Deep learning artificial neural network architecture was proposed for predicting the amount of electricity supply by renewable energy producers, as well as the upper and lower limits of the forecasting interval, the characteristic feature of which is the use of auto-coding blocks with short connections [13]. This allowed the reduction of the average forecast error for the upcoming day to 4.46% and the maximum one to 12.81%.

At the same time, a significant part of the research is devoted to the linking of meteorological parameters with the production of electricity by solar power plants. For example, a study on the relationship between meteorological variables and the output power of a PV plant presented in the paper [14] found a strong correlation between temperature, solar radiation intensity and installation efficiency. The use of dimensionality reduction techniques, such as feature selection and principal component analysis, can significantly reduce computation time while maintaining high model accuracy. Additionally, an innovative approach to PV power forecasting based on satellite images described in the paper [15], utilizing a model that accounts for the nonlinear movement of clouds, allows for more accurate predictions of their trajectories. The work [16] uses an artificial neural network to predict generation based on various weather parameters. However, in the case of forecasting electricity generation using meteorological data, it is crucial to consider the potential for missing data. For example, studies have demonstrated that hybrid learning methods robust to data absence can maintain high forecasting accuracy even when faced with substantial amounts of incomplete data [17].

In addition to meteorological parameters, it is also proposed to use the characteristics of ground station locations for forecasting. For instance, based on a broad learning system and copula theory, it is proposed to improve the accuracy of distributed generation forecasting [18]. This approach enables a more precise consideration of time–space dependencies between installations, allowing for more effective accounting of interdependencies between the outputs of individual photovoltaic plants. In the paper [19], the importance of considering the geographical distribution of installations and the combination of different types of installations is emphasized. The work [20] proposes using a natural simulation model to improve the automatic PV generation forecasting system. This helps increase PV generation volumes in power systems and improves the management of distributed generation.
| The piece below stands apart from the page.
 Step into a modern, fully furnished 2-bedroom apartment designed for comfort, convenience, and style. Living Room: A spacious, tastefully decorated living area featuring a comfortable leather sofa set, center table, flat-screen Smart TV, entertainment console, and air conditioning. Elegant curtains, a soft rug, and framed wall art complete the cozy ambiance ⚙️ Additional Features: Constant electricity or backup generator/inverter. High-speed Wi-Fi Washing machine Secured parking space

In addition to the technical aspects of PV plant operation forecasting, research is also being conducted on the integration of PV plants into the power grids of various countries. The results presented in the paper [21] showed that Germany and Spain have the highest forecast accuracy. Power forecasts enable grid operators and system designers to optimally plan plant operation and manage energy supply and demand. A study of the forecasting system in the German energy market indicates that improved forecasts for fundamental variables, such as electricity demand and solar and wind energy production, contributed to a 13.5% increase in revenue from market selection for energy sales [22]. Study [23] discussed the importance of PV energy generation forecasting for successful integration into the power grid and participation in energy markets.
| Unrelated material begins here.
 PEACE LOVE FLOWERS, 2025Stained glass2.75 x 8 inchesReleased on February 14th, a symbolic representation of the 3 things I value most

Many of the analyzed studies present comparisons of different models for forecasting the operation of photovoltaic (PV) power plants. For example, an ensemble forecasting method based on energy consumption data was used for planning operations in the electricity market [24]. Future steps may involve integrating additional data, such as weather conditions, to improve the models. The comparison of LSTM and gated recurrent unit (GRU) neural network models for predicting PV power generation showed that GRU outperforms LSTM when using long-term training data [25]. The study presented in the paper [26] proposed a method for forecasting PV power in distribution networks with high PV saturation, based on the use of a small set of representative monitoring locations.

The analysis of the publications shows that PV generation forecasting depends on the accuracy of meteorological data and the use of advanced machine learning (ML) and deep learning (DL) methods. Future research should focus on developing highly accurate predictive models by considering and integrating additional data, such as weather conditions, to improve the forecast accuracy. It can be stated that hourly power generation forecasting using neural networks is characterized by high accuracy, and further studies may focus on reducing the computational resource requirements and training time for neural networks.
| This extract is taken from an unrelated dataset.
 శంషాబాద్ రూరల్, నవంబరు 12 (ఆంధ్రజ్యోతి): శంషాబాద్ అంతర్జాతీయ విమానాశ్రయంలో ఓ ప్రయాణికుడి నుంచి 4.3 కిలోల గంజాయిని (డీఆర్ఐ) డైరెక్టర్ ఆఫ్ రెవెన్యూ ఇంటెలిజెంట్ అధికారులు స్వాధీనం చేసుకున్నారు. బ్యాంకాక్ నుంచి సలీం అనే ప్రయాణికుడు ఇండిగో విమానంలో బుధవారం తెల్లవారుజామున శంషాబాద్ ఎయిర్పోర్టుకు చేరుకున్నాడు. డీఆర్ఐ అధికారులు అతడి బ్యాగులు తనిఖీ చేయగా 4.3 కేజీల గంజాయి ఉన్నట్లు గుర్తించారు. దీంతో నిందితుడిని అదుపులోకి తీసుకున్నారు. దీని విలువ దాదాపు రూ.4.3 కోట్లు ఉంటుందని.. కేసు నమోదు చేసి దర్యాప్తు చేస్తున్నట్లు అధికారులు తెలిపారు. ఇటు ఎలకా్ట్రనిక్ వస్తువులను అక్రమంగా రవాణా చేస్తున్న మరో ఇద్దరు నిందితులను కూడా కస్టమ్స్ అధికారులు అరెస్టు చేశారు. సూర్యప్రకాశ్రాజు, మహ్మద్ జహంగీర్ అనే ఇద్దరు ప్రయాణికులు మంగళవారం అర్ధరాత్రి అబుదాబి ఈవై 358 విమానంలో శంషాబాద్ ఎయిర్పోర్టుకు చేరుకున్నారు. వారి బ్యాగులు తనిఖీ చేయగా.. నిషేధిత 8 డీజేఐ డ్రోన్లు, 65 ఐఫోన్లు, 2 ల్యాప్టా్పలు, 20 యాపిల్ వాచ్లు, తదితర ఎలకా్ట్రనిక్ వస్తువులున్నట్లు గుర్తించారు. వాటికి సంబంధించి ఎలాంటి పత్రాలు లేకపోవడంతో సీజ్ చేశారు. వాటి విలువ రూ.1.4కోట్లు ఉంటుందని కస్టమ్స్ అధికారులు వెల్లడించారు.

For example, the average error for the actual measured solar radiation intensity ranges from −0.97% to 4.91%, and for calculated values and weather forecasts, from −3.86% to 5.12% [27]. This results from the inaccuracies in weather forecasts and calculations of solar radiation intensity. ANN requires only 1000–2000 data samples, which reduces computational requirements and accelerates training. To improve forecasting accuracy, it is necessary to determine the optimal set of input data for ANN (primarily meteorological data) needed for high-quality forecasting of solar power plant operation, without overloading the models with unnecessary data that complicate the ANN training process.

2. Research Objectives and Analysis Method

The subject of the research presented in the article is the identification of significant meteorological parameters that influence the accuracy and reliability of forecasting electricity generated by photovoltaic power plants. It is obvious that not all meteorological parameters have the same impact on the production of electricity by solar power plants. Considering additional meteorological parameters when building a model forecasting electricity production not only complicates the operation of the neural network but also involves the need to obtain preliminary information about these parameters, install appropriate sensors and perform additional measurements. At the same time, it should also be taken into account that some meteorological parameters do not lead to a significant improvement in the quality of the forecast. An important factor influencing the error in forecasting electricity production is the correlation between production and various meteorological parameters.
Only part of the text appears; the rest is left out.